Question

use the information to answer the question. mr. williams has a bag filled with 3 red pencils and 12 blue pencils that are all the same size. for a prize, a student randomly chooses two pencils from the bag. what is the probability that the first pencil is red and the second pencil is blue? justify your answer.

Explanation:

Step1: Find total number of pencils

First, calculate the total number of pencils. There are 3 red and 12 blue, so total is \(3 + 12 = 15\) pencils.

Step2: Probability first is red

The probability that the first pencil is red is the number of red pencils divided by total pencils. So \(P(\text{first red})=\frac{3}{15}=\frac{1}{5}\).

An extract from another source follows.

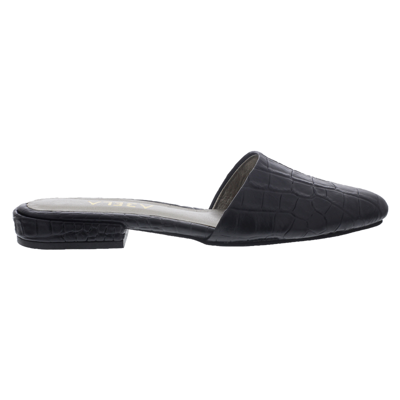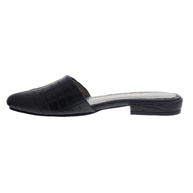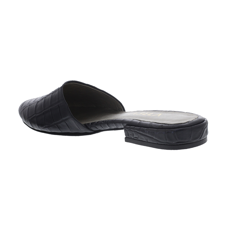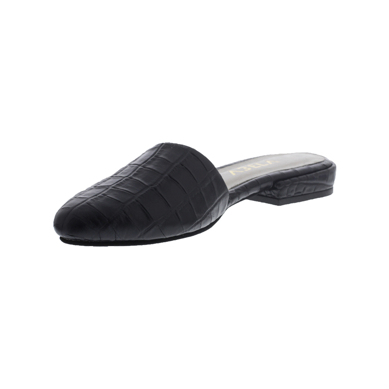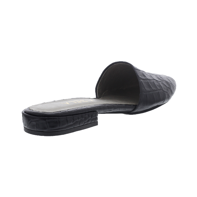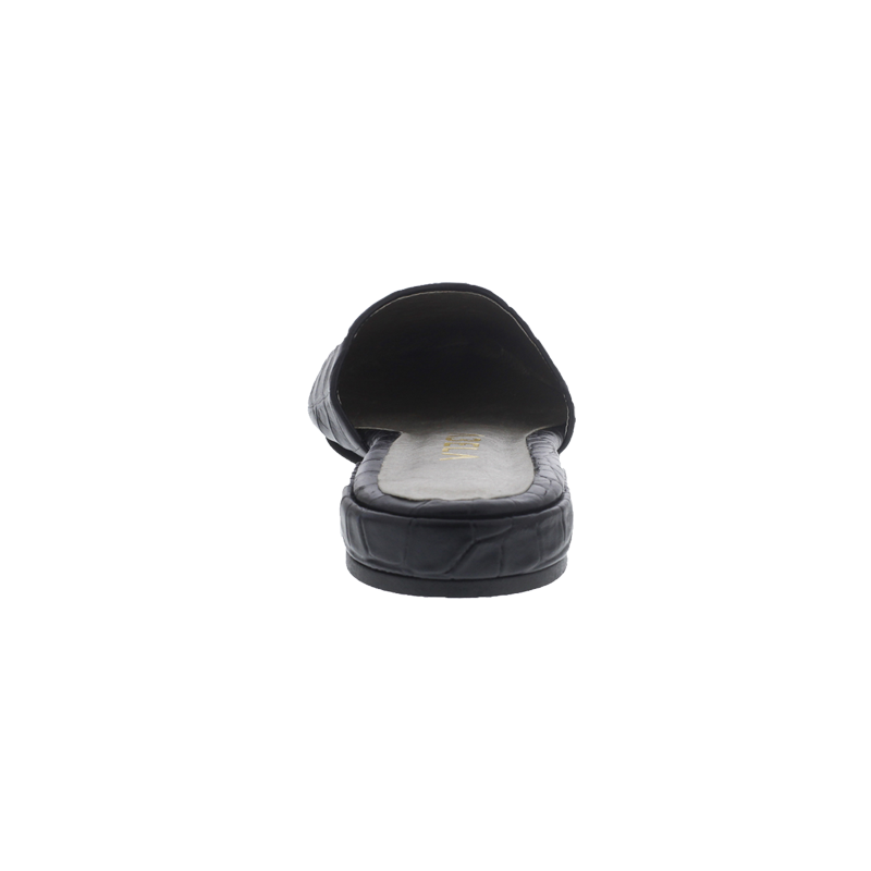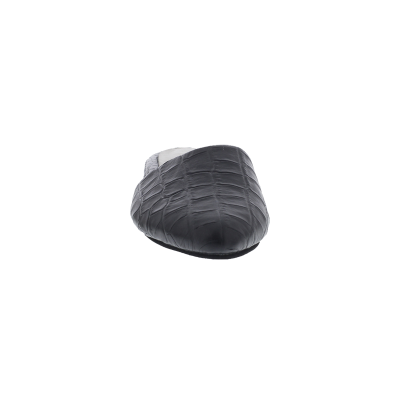 Baletas tipo sueco, en cuero negro con print de armadillo y tacón de 1.5cm

Step3: Probability second is blue (after first red)

After removing one red pencil, there are \(15 - 1 = 14\) pencils left, and 12 blue pencils. So \(P(\text{second blue}|\text{first red})=\frac{12}{14}=\frac{6}{7}\).

Step4: Multiply the probabilities

Since these are dependent events, multiply the two probabilities: \(P=\frac{1}{5}\times\frac{6}{7}=\frac{6}{35}\).

To justify: We use the multiplication rule for dependent events. The first event (choosing red) affects the second event (choosing blue) because the total number of pencils decreases by 1 after the first pick. So we calculate the probability of the first event, then the probability of the second event given the first occurred, and multiply them.

Answer:

The probability is \(\frac{6}{35}\). The justification is that we calculate the probability of choosing a red pencil first (\(\frac{3}{15}\)) and then a blue pencil from the remaining 14 pencils (\(\frac{12}{14}\)), then multiply these probabilities for dependent events, resulting in \(\frac{3}{15}\times\frac{12}{14}=\frac{6}{35}\).